EXERCISE —
From the listing below, reproduce exactly the lines starting with the one with "Vibrant Picasso Pop" and going on through the one with "Bracelets bicolore Magnésite", both ends kept. No picture is copied.

RECORD SET —
****************************************
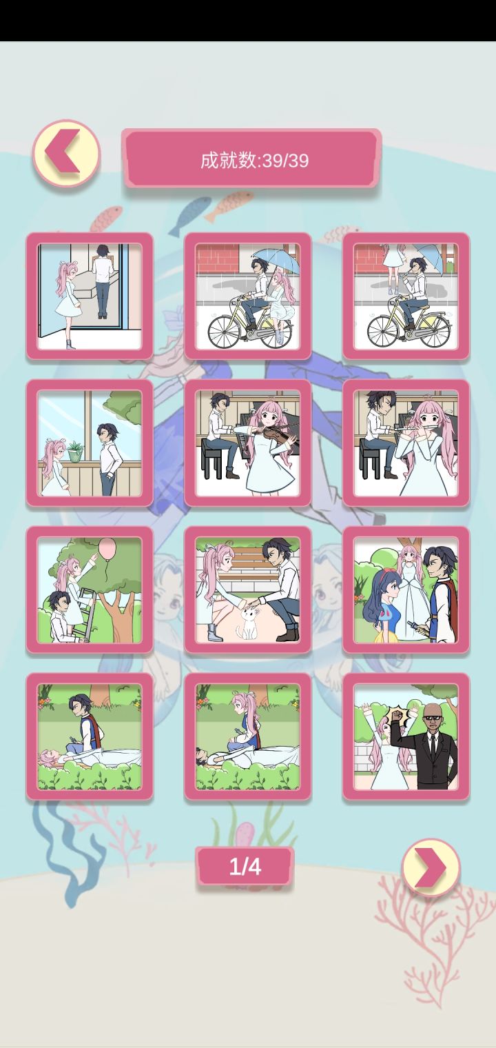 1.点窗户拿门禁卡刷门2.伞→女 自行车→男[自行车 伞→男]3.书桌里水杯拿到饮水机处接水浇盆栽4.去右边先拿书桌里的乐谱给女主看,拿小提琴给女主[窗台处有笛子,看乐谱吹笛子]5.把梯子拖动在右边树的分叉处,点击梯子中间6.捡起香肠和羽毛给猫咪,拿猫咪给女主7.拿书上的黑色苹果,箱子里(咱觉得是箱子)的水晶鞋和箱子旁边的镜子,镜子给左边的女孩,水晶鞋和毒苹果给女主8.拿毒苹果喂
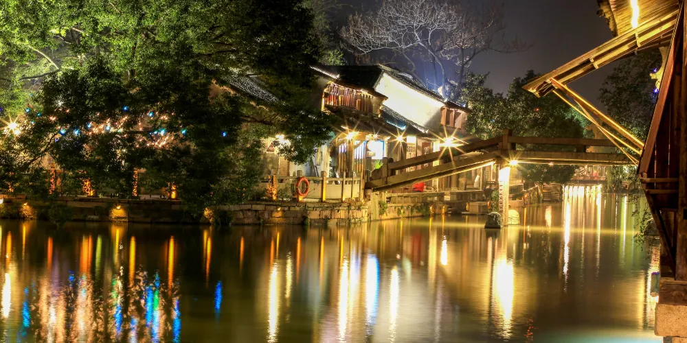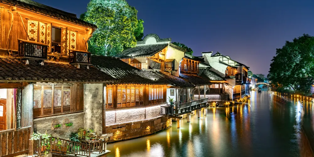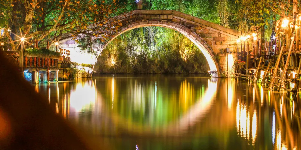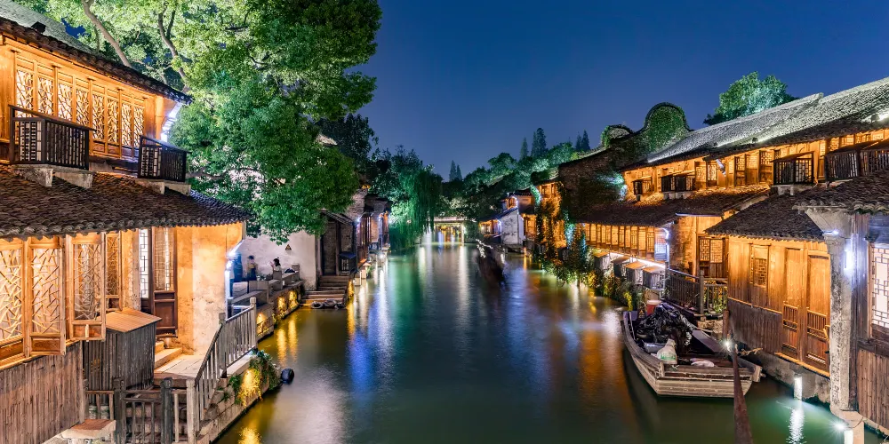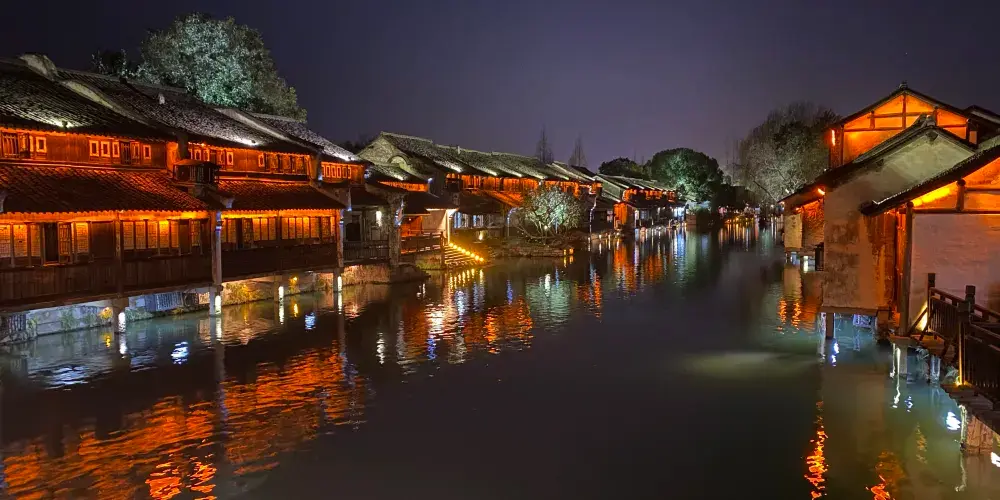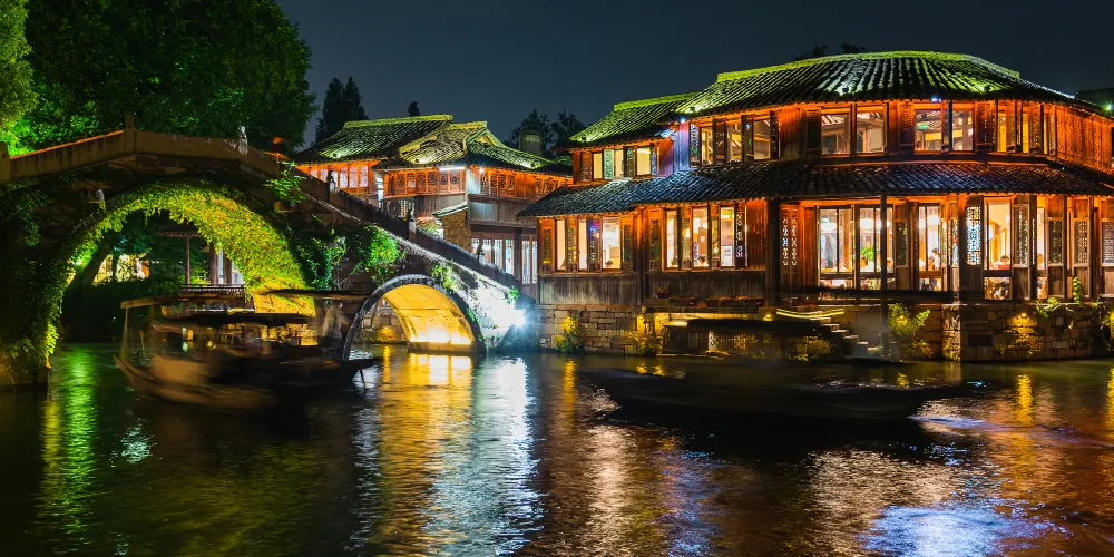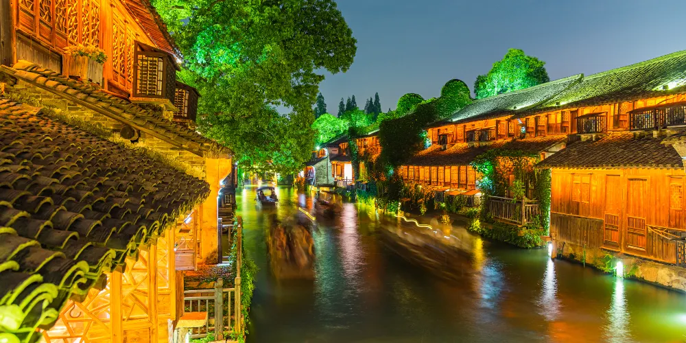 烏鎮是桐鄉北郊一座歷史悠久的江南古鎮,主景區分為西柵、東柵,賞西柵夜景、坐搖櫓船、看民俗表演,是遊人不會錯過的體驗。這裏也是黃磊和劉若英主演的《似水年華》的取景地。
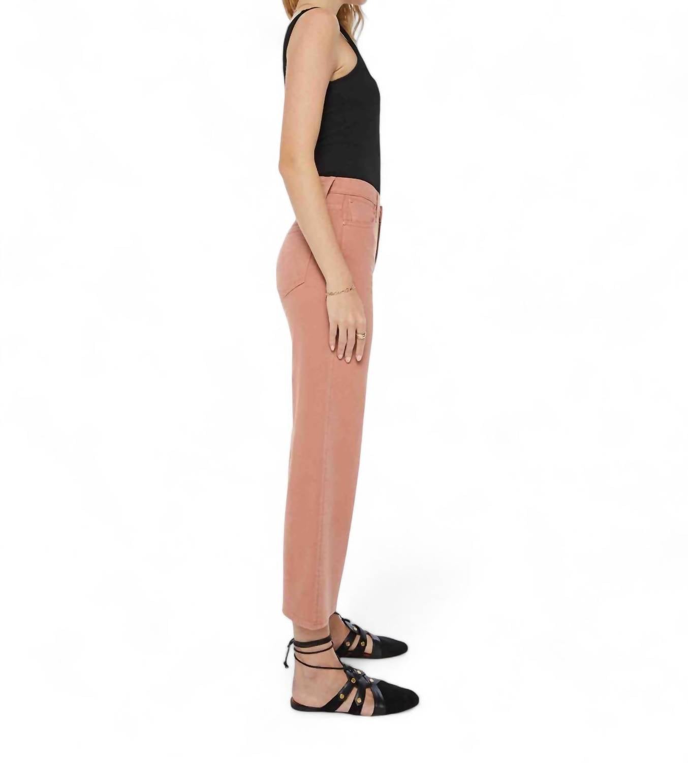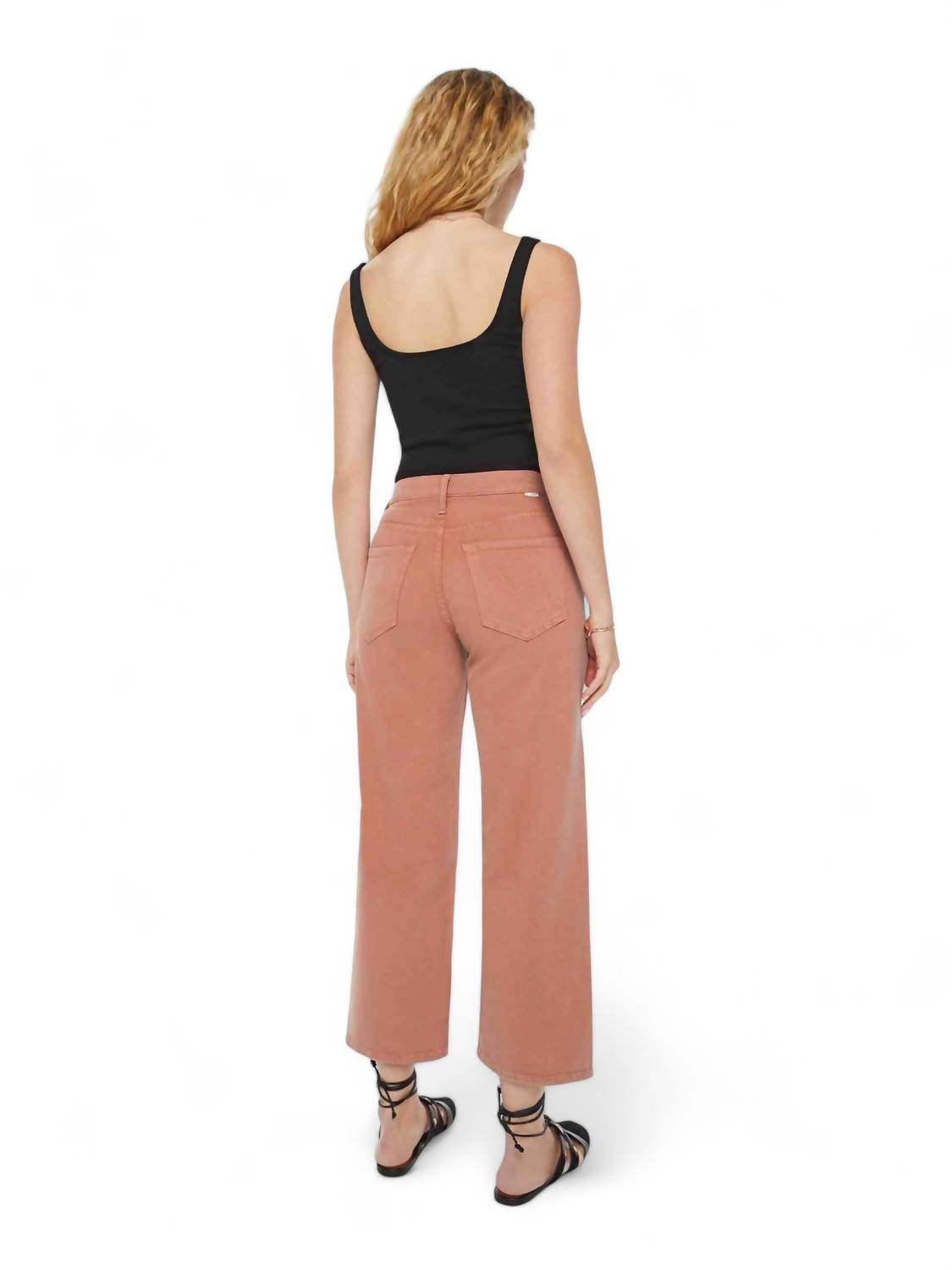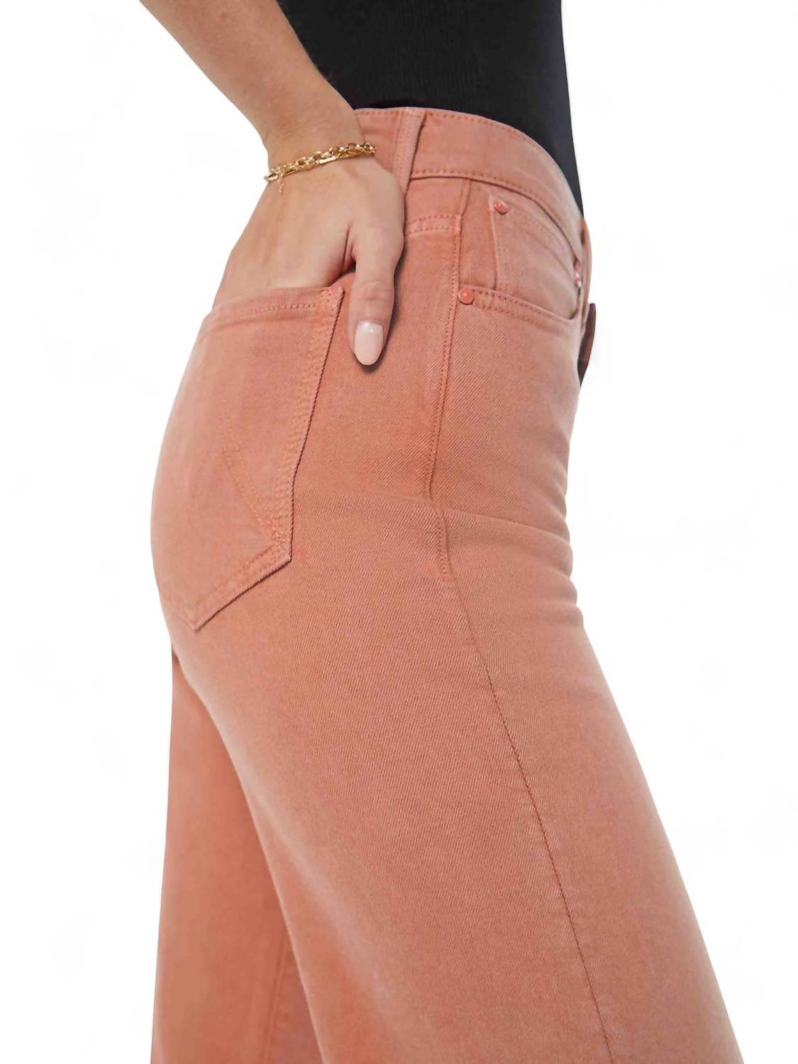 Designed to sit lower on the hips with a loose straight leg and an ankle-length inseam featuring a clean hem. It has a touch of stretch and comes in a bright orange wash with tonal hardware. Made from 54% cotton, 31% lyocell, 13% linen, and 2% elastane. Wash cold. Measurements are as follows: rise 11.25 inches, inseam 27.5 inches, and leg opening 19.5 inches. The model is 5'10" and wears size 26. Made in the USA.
****************************************
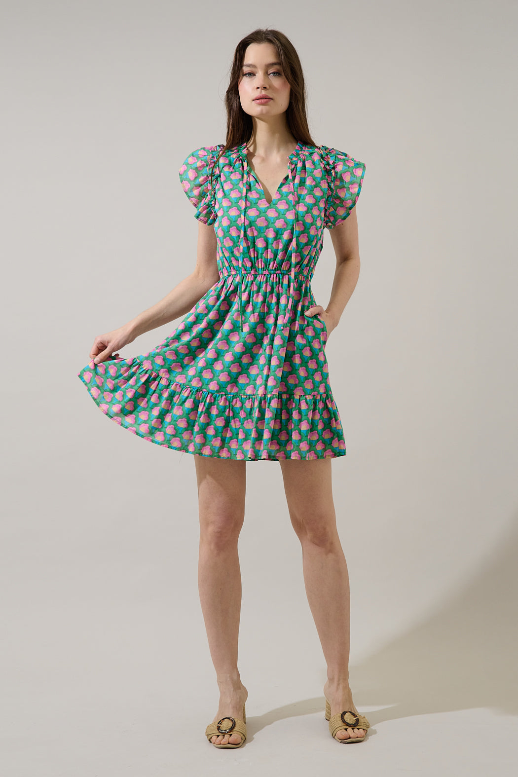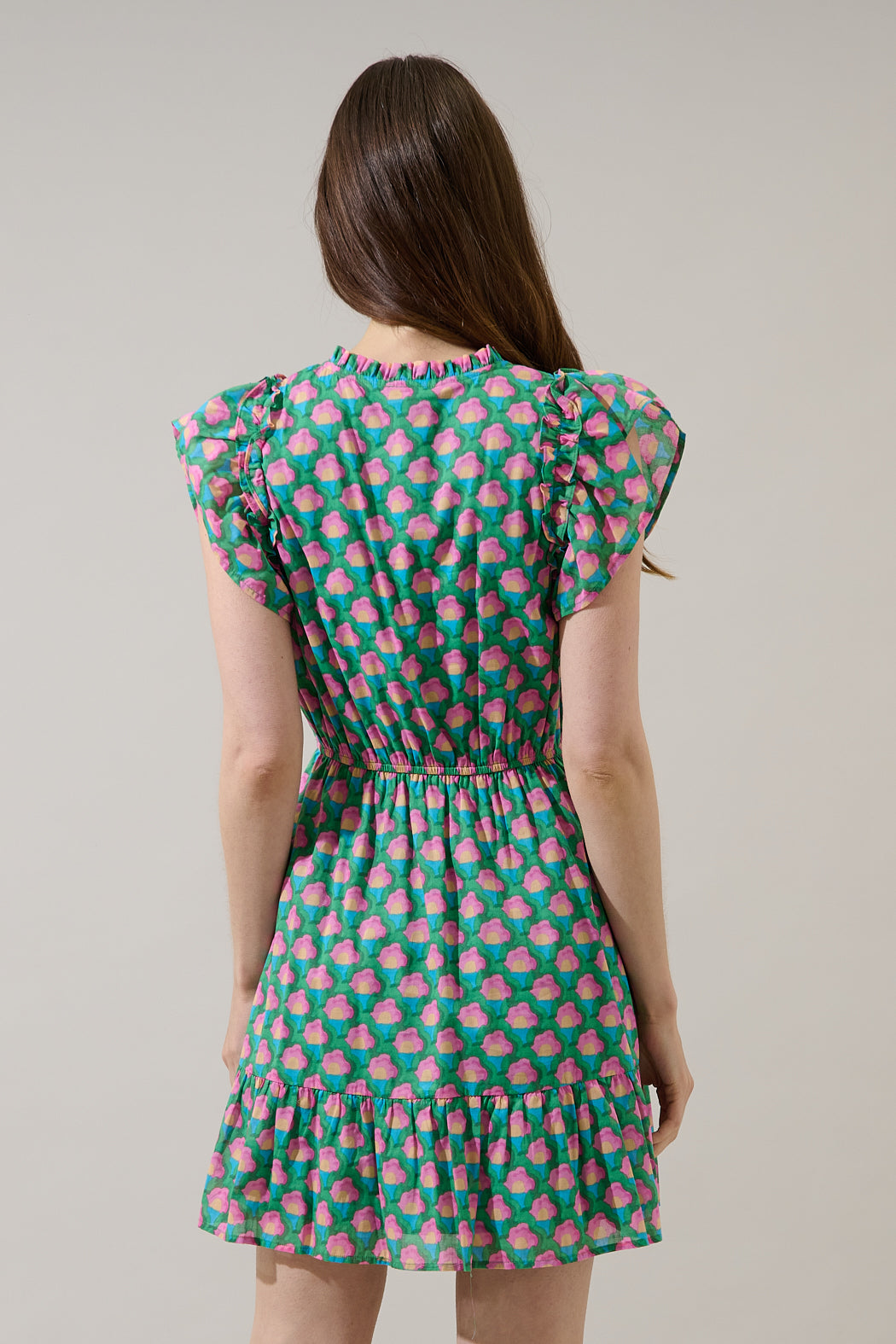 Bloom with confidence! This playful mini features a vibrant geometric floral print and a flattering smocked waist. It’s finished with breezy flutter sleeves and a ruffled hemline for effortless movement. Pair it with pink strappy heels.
****************************************
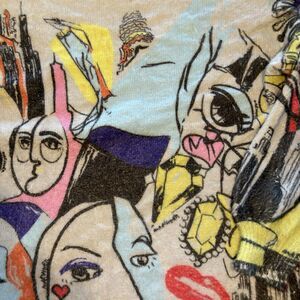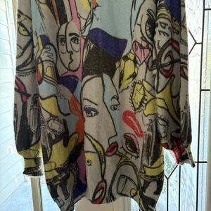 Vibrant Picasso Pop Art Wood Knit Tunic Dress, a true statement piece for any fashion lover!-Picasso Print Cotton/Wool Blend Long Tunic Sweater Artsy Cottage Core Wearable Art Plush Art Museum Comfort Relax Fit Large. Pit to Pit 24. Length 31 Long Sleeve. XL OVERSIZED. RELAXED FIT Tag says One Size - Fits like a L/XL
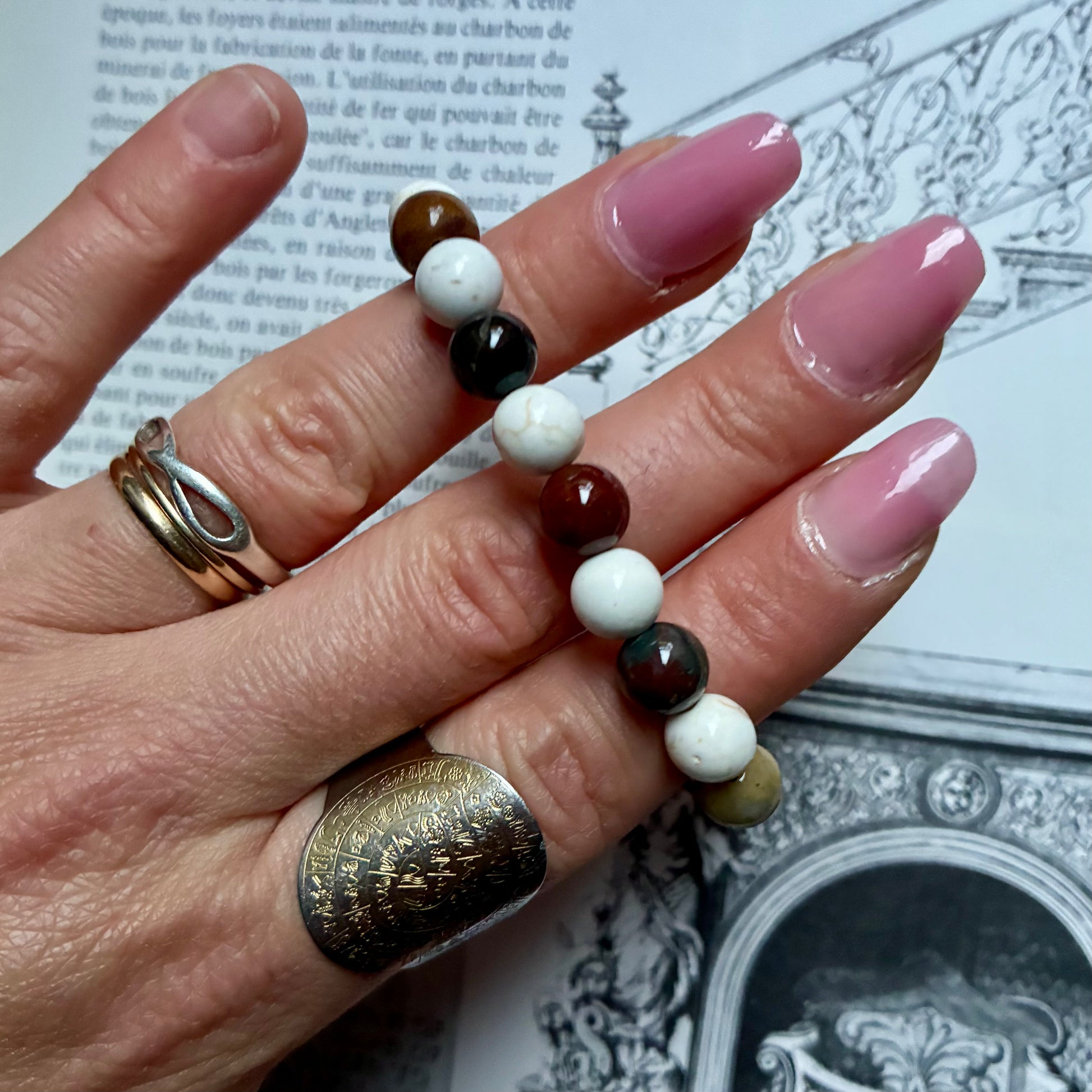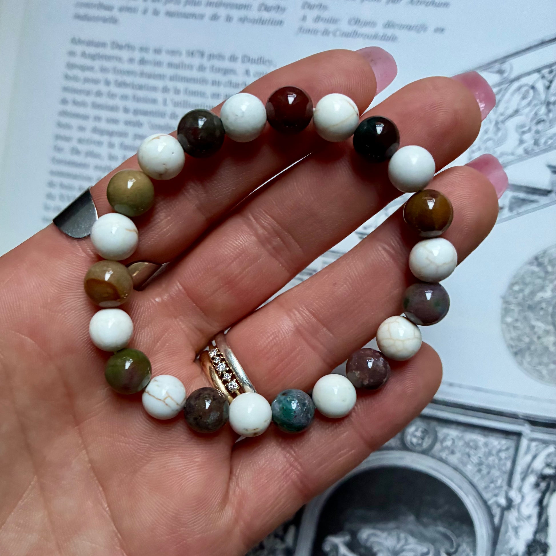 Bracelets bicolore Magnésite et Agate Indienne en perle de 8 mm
****************************************
YOUR RESPONSE —
 Vibrant Picasso Pop Art Wood Knit Tunic Dress, a true statement piece for any fashion lover!-Picasso Print Cotton/Wool Blend Long Tunic Sweater Artsy Cottage Core Wearable Art Plush Art Museum Comfort Relax Fit Large. Pit to Pit 24. Length 31 Long Sleeve. XL OVERSIZED. RELAXED FIT Tag says One Size - Fits like a L/XL
 Bracelets bicolore Magnésite et Agate Indienne en perle de 8 mm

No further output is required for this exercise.